Две девушки играют неподалеку, перебрасываясь мячом. Одна из них в пылу игры, как молодая козочка, с разбегу перескакивает через нас и шаловливо смеется. Андрей стряхивает с волосатой груди песчинки, делает попытку улыбнуться, но улыбка быстро исчезает с его лица, уступая место выражению безразличия и усталости.

"Посмотри!" – произносит он, кивая головой на девушек. – "В них бурлит жизнь. А мы уже неспособны радоваться. Старики мы..."

"Тебе нужно взять отпуск и отдохнуть", – говорю я.

"Это не поможет", – уныло вздыхает Андрей. – "Мне нужно что-то другое".

"Тебе нужно или найти веру, которая оправдывала-бы твою работу, или..." Я не знаю, что говорить дальше.

"Мне поздно уже искать, Гриша", – качает головой Андрей и смотрит в песок. – "Опалил я крылья... Теперь ползай..."

2.

Маленькая Лиза была очаровательным ребенком. Когда она со старухой-гувернанткой выходила гулять на Гоголевский Бульвар, люди, отдыхающие с детьми на скамейках, говорили назидательно своим малышам: "Вот смотрите какая хорошая девочка! Видите как она себя хорошо ведет". И, обращаясь к соседям по скамейке, завистливо качали головами: "Эх! Есть счастливые дети! Вырастет – человек будет..."

Маленькая Лиза слышала эти слова, горделиво одергивала бархатное платьице и подчеркнуто громко обращалась к гувернантке по-немецки. Люди удивленно шептали вслед: "Это наверное иностранцы..."

Отец Лизы был одним из тех людей, которые умеют приспосабливаться к жизни. Он вовремя поступил в партию, умел говорить то что надо и где надо, а еще лучше умел держать язык за зубами. Таким образом он оказался в управлении одного из крупных торговых трестов Москвы.
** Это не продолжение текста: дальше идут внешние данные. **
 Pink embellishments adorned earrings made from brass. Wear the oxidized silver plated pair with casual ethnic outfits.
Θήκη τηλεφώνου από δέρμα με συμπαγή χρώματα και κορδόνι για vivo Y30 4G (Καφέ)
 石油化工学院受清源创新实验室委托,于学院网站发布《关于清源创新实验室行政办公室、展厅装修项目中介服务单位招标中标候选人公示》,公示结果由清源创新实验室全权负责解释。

Достаточно высоко, чтобы использовать материальные возможности своего служебного положения, и достаточно низко, чтобы не подвергаться риску ответственности за судьбу предприятия. Сыновей он предусмотрительно воспитал в духе своей карьеры. Зато дочерей сумел выдать замуж за людей, которые обеспечивали бы семье не только материальное благополучие, но и светский лоск. Лиза была младшей дочерью и любимицей отца. С раннего детства она привыкла к шумным выражениям восторга со стороны родственников и знакомых, к наивной детской зависти своих подруг-однолеток.
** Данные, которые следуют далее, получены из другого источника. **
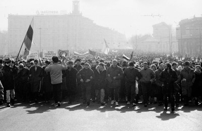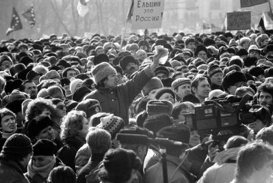 10 maart 1991, Moskou. Tot een half miljoen mensen demonstreerden tegen de regering op het Manezhnayaplein in het centrum van de stad. Ze eisten het aftreden van Sovjetpresident Michail Gorbatsjov en steunden Boris Jeltsin. De demonstratie vond plaats aan de vooravond van het referendum over het behoud van de USSR en de organisatoren riepen op tot een nee-stem.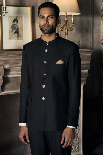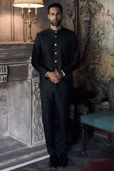 This black silk bandhgala doesn't need embellishment. It relies on precision instead. The fabric has this smooth finish with just enough sheen to give the dark tone some depth. Cut clean through the shoulders and body, the silhouette stays sharp and tailored, the kind of thing that projects quiet confidence. A band collar frames the neckline with clarity, paired with a neat buttoned front that keeps everything composed.
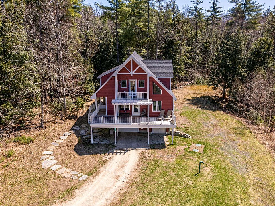 *Open House Canceled* Nestled on a large 5.32-acre lot with awe-inspiring mountain and water views, this contemporary single-family home at 124 Reservoir Road offers a serene retreat in Farmington, NH. Built in 2016, this custom built, wood-framed home boasts a unique architectural style. This residence features a modern kitchen, an open-concept living room, and a dining area with seamless access to the expansive front porch, which boasts stunning water views. The first floor also includes a bedroom, a full bathroom, and a laundry room. Ascending the stairs, you’ll discover a spacious primary bedroom complete with an en-suite bathroom. Adjacent to the bedroom is a private balcony for leisurely outdoor relaxation. Additional amenities include a one-car garage and a large walkout mudroom. Outdoor living is enhanced with a screened-in porch and a rear deck, perfect for enjoying the surroundings. Don't miss your chance to make this house your home!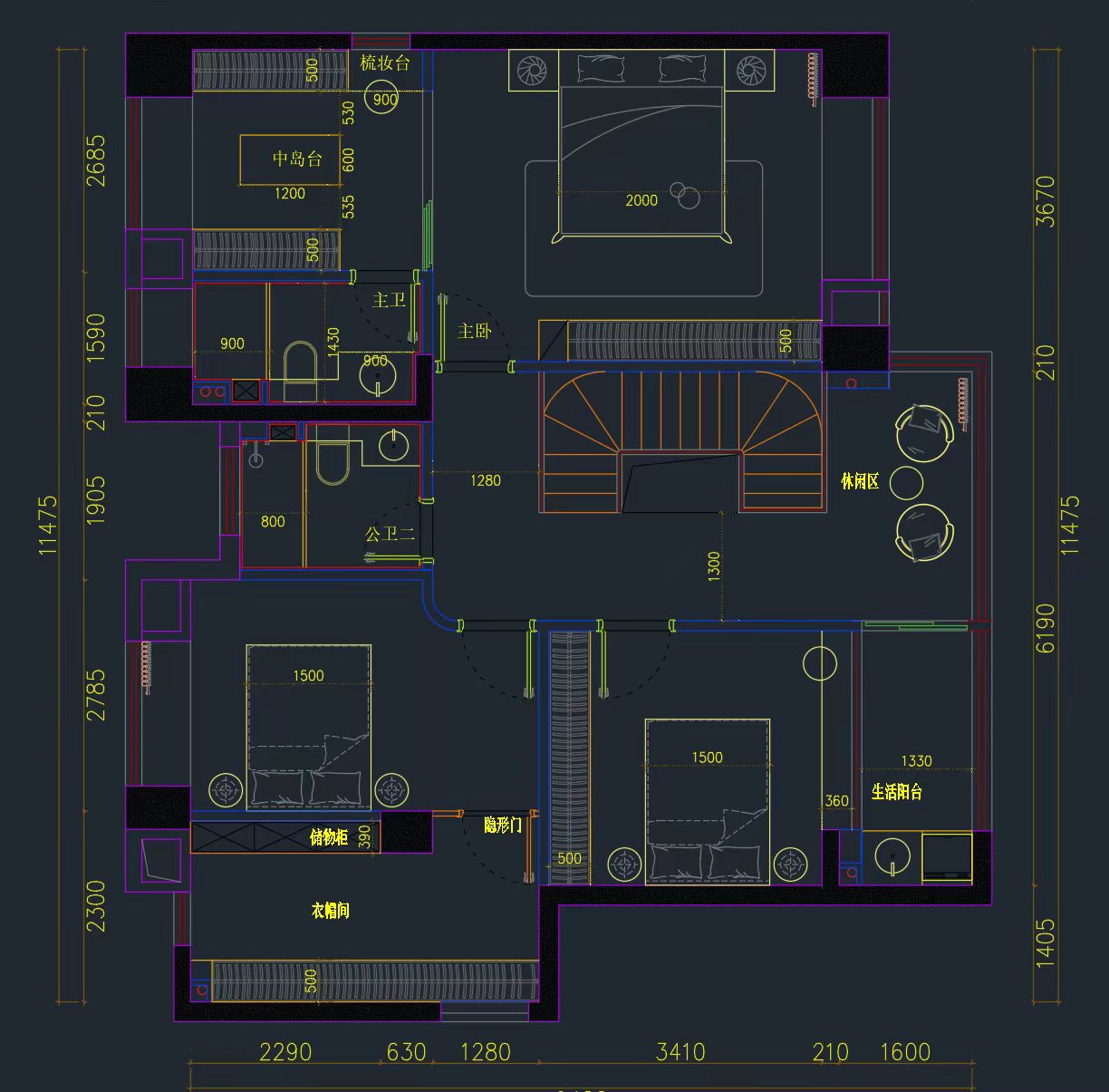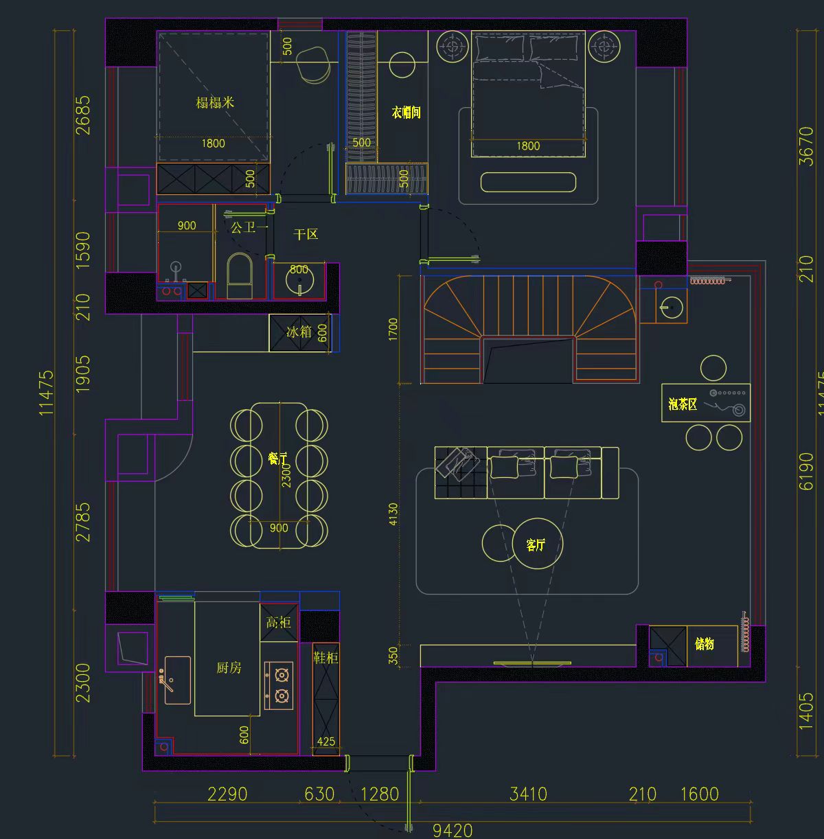 空间意境:采用客餐厨一体化的开放式设计,配合旋转楼梯打造复式空间的通透感,公共区域动线流畅且视觉上更显开阔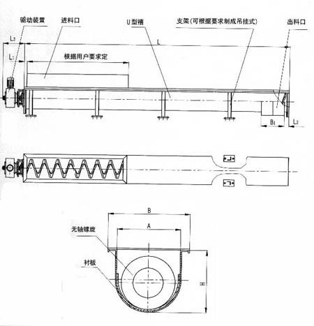 WLS無軸螺旋輸送機結構圖
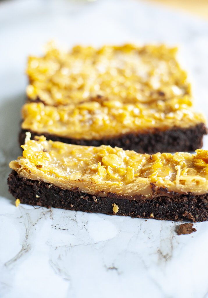 Glutenfri Brownie med smörkola- och cornflakestopping

Так шли года. Опадали листья на Гоголевском Бульваре осенью, набухали сладким ароматом почки деревьев весной. Лиза окончила школу и стала взрослой девушкой. Она трезво смотрела на жизнь. Когда подошел ее срок выбирать свой жизненный путь, она, посовещавшись с отцом, решила поступить в Московский Институт Иностранных Языков – МИИЯ. Это обеспечивало сравнительно легкую учебу и по окончании – возможность столь же легкой работы. Кроме того, МИИЯ был известен тем, что часто он служит путем во многие заманчивые области – в Министерство Иностранных Дел, Министерство Внешней Торговли и другие места, о которых говорят шепотом. Среди московских девушек ходит много таинственных слухов о массивном желтом здании по Метростроевской улице. Здесь доносятся шорохи далекой и загадочной заграницы, здесь сладко дурманят голову ароматы Коти, здесь на студенческих балах танцуют принцы девичьих грез, одетые по последней заграничной моде. Двери МИИЯ казались Лизе вратами в Terra incognita.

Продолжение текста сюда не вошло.